「性別の本質は、外見ではなく内面にある」トランスジェンダーの訴えが司法を動かした 「生殖不能手術を求める法律」は憲法違反か
「(手術要件には)憲法違反の疑いが生じている。人格と個性の尊重という観点から適切な対応がされることを望む」 決定後に記者会見した臼井さんは、最高裁の判断について一定の評価をした。「比較的前向きな内容で、一定の理解はしてもらえた。今までの苦労が報われ、次につながると思う」 ▽法改正で結婚が可能になるが懸念も 臼井さんは現在、新庄村で農業を営みながら、パートナーとその息子(13)と暮らす。人口が千人を切る村では実質的に家族と認められている。ただ、法律上の関係はなく、マイナンバーカードを代理で受け取れないといった不都合もある。 別のトランスジェンダーが訴え、最高裁で審理されている家事審判で、大法廷が「違憲」と判断されれば、特例法が改正になって手術しなくても性別変更が認められるはず。そうなれば、パートナーと法律婚することも可能だ。 最高裁決定を前に、前向きな司法判断も出始めた。10月11日、静岡家裁浜松支部が規定を「違憲」と判断。手術規定については、こんな指摘をした。

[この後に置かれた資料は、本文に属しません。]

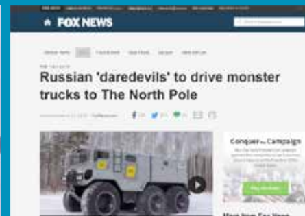
Публикации в электронных СМИ и ТВ-сюжеты

Компании-партнеры являются полноправными участниками информационной среды проекта.

「性同一性障害者の意思に反して身体への侵襲を受けない自由を制約するのは合理的とは言いがたい」 この判断に、臼井さんも喜んだ。「これまで多くの当事者が訴え、一段一段上ってきた階段。また一つ駒を進めた。感慨深い」 一方で危惧もある。性的少数者への理解は格段に広がったが、一部には「『性自認は女性』と主張する男性が、女子トイレや女湯に入ってきたらどうするのか」と声高に叫ぶ人もいる。法律が変わったとしても、社会が「性別は男女二つしかない」との前提で成り立っていれば、反発を招くだけではないのか。 「トランスジェンダーがどうしたら生きやすくなるか。裁判をきっかけに社会が真剣に考えてくれたら」。そう願いながら、扉が開く日を待っている。